In this work we will explore how deep convolutional networks focus on and represent information in both spatial and temporal domains. Deep convolutional networks are widely used in the field of computer vision, representing the state of the art approach to many problem domains. There are nevertheless a number of aspects to their behaviour which are unexplored or poorly understood, and we frequently find that the way that these models solve visual problems is quite different from (and more brittle than) human visual representations. By uncovering these differences, we hope to both better understand how deep networks function and identify possible avenues for improvement, as well as deepen our understanding of human visual cognition. In this project we will:
- Review existing literature in deep convolutional network behaviour, particularly in the domains of object detection, semantic segmentation, and action recognition.
- Work on adapting visualization techniques such as Grad-CAM to target networks of interest.
- Compare the behaviour of deep networks to human visual behaviour (with a focus on eye tracking)
- Stretch goal: Incorporate our findings into novel training or architecture designs to improve model behaviour.

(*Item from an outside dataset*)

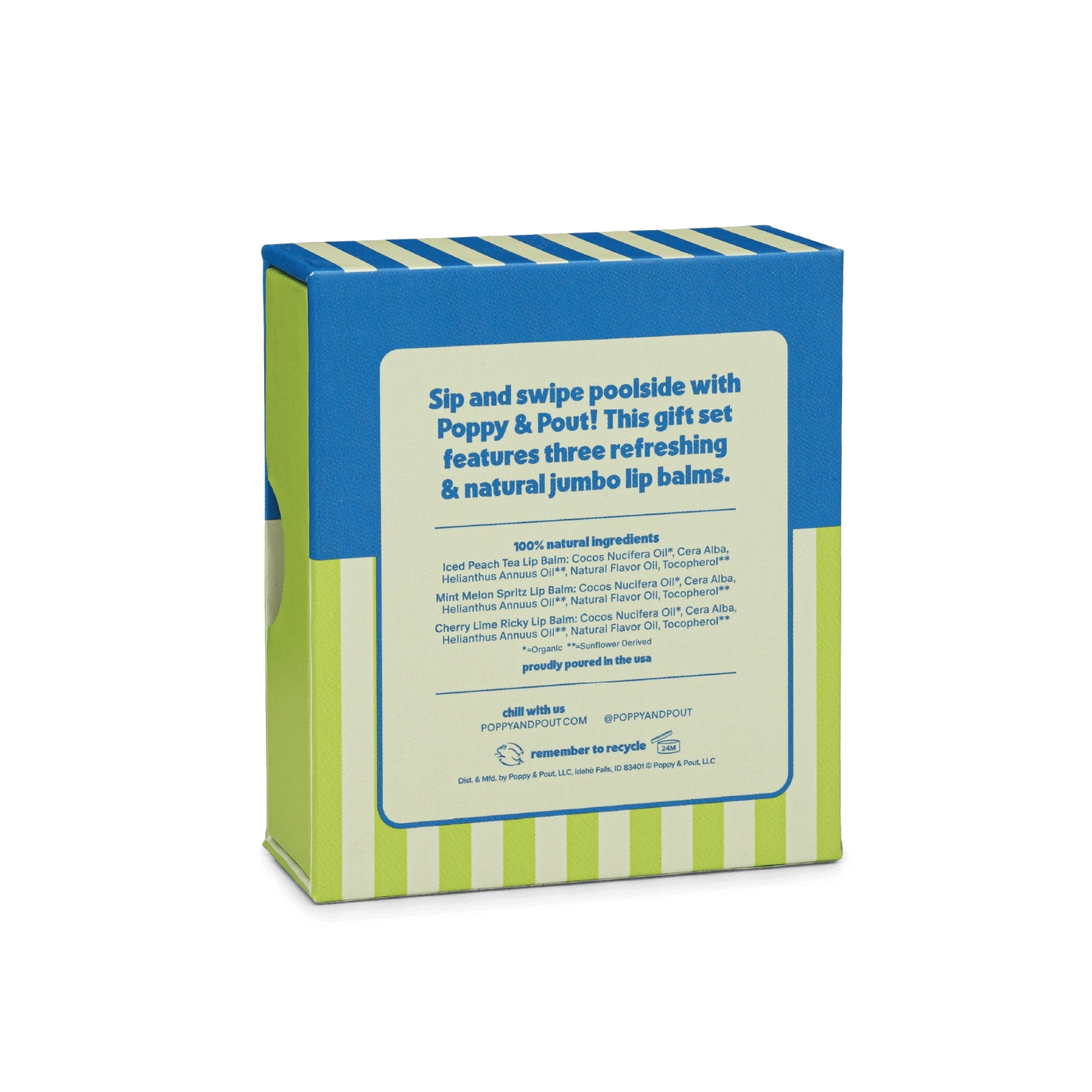 Dive into our new Retro Refreshers lip balm trio! This gift set is the ultimate summer accessory, bringing the refreshing vibes of cool summer drinks straight to your lips. This vibrant set features three lip balms inspired by the bright, fruity flavors of classic summer beverages.

Essay prompts (address the following):
1. What interests you in the project?
2. Do you have any prior experience with computer vision and/or deep learning?
3. What do you hope to get out of this research experience?
The Lab for CATS seeks to understand visual cognition, and help build more robust and unbiased artificial visual agents. There is a lot of hype in the world of computer vision and machine learning, and we seek to keep a grounded focus on fair and realistic evaluations of model behaviour with the goal of identifying when common benchmarking and evaluation practices might result in unanticipated deficits in novel or unconstrained environments.
We are a new organization; you will get to play an active part in laying the groundwork for a new research group!